Although these advancements have been paramount in human development, improving well-being and providing food globally at an affordable price it has had negative effects on the environment. Agriculture is one of the biggest contributors to climate change from both production of greenhouse gases and the removal of forests for agricultural land. It can also negatively affect nearby environmental systems due to over-use of fertilisers and poor land management; reducing biodiversity and affecting water systems. Intensive farming practices are also having a negative impact on soils resulting in a 33% loss of arable land over the last 40 years due to erosion or pollution. Not only does this have impacts for the environment but also for global food security.

But hope is on the horizon. We are now heading into a Fourth Agricultural Revolution where technology will be a paramount tool to improve agricultural efficiency, reducing waste and reducing reliance on chemical fertilisers. In a concept called precision farming, technology and data collection can be used to accurately examine crop conditions and determine the correct management, water or fertiliser use, with the aim of optimising returns while reducing inputs. Examples of technologies include the following:

Big Data

Using smart sensors and devices to obtain large amounts of data gives farmers better decision-making capabilities. The data can be used to predict yield, prevent food spoilage and to provide risk management.

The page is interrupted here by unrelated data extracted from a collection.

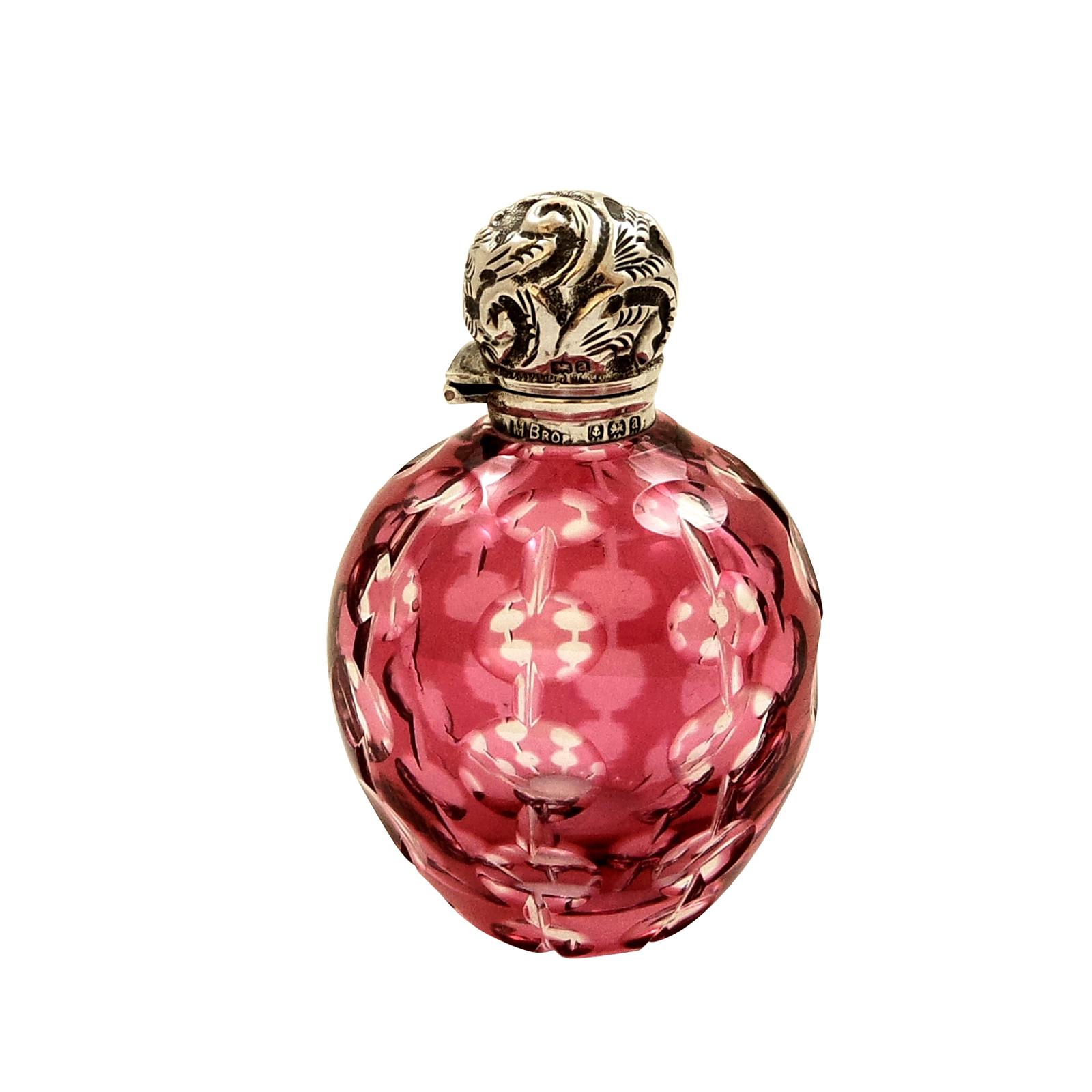 Antique Victorian Sterling Silver & Cranberry Glass Perfume / Scent Bottle 1900
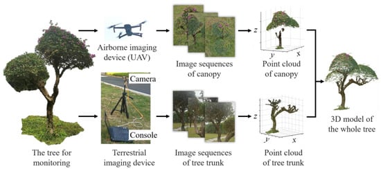 The hybrid phenotypic structure monitoring system of trees encompassing a UAV and a terrestrial acquisition platform is shown in Figure 1. For agricultural and forestry trees, canopy data are acquired by a low-altitude remote sensing platform (UAV, DJI MAVIC 2) [26]. However, due to the limited flight range and blind zone of the camera, it is not a trivial task to capture complete images of the tree trunk. The terrestrial acquisition platform (RGB camera) is capable of capturing more detail of the tree trunk texture. Therefore, the image capture capabilities of these two platforms are combined to obtain a comprehensive image of the trees. Finally, the 3D reconstruction based on the image sequence is conducted to construct the point cloud model of the canopy and trunk. Those two point clouds are converted into the world coordinate for registration and result in the generation of a 3D model encompassing the entire tree.
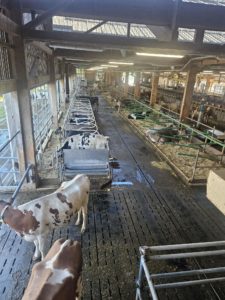 Für viele kleine Bauern lohnt es sich nicht mehr, Milch zu verkaufen, weil man nur noch im Durchschnitt 75 Rappen pro Liter bekommt. Eine Kuh gibt 20–25 Liter Milch pro Tag. Das bedeutet, dass ein Bauer mit 10 Kühen im Monat ca. 5000 Fr. bekommt, aber zusätzlich die Nahrung für die Kühe bezahlen muss und man die Ackerflächen für die Kühe pflegen muss, was auch noch zusätzlich Geld kostet. Aber es gibt auch grössere Bauern, die mehr als 50 Kühe haben, und die Kühe dann im Stall bleiben, weil sie Hochleistungskühe* sind, die bis zu 35 Liter Milch geben, und man durch das keine Ackerfläche braucht. Laut den Bauern ist das nur für das Wohl der Kühe, weil sie den Weg von der Weide bis zur Melkmaschine nicht ohne Schmerzen gehen können wegen der grossen Milchmenge. Im ersten Bild sieht man ein Euter das keine Milch drin hat und im Bild 2 wird es bald gemolken.

These are self-driving agricultural robots that use advanced tools to identify and harvest ripe fruit, carefully picking them from branches in order to improve fruit quality and avoid disrupting the environment. They can also be used to monitor crops, water and soil to improve management.


According to PwC analysis drone technology is valued at $127 billion across industries. In agriculture drones are used to take high quality images on the farm that assist in providing farm maps and layouts to analysis soil quality, to inform irrigation and nitrogen management. These images are also useful in monitoring crop condition; identifying problem areas where efficiency and productivity is low. In addition to providing visual imagery drones are also being developed to take an active part in farming. Start-ups are developing drones that shoot pods that contain seeds and nutrients to allow the plant to grow, into the soil. This reduces soil disruption and erosion and is more precise than heavy machinery. Drones can also be used to more accurately dispense fertilisers by aerial spraying of the chemicals.

These are just a few of the applications of technology in agriculture that are currently being developed. This digital revolution will not only be important for improving environmental well-being but will also profitability of farms and assessing the risks associated with climate change on farm systems.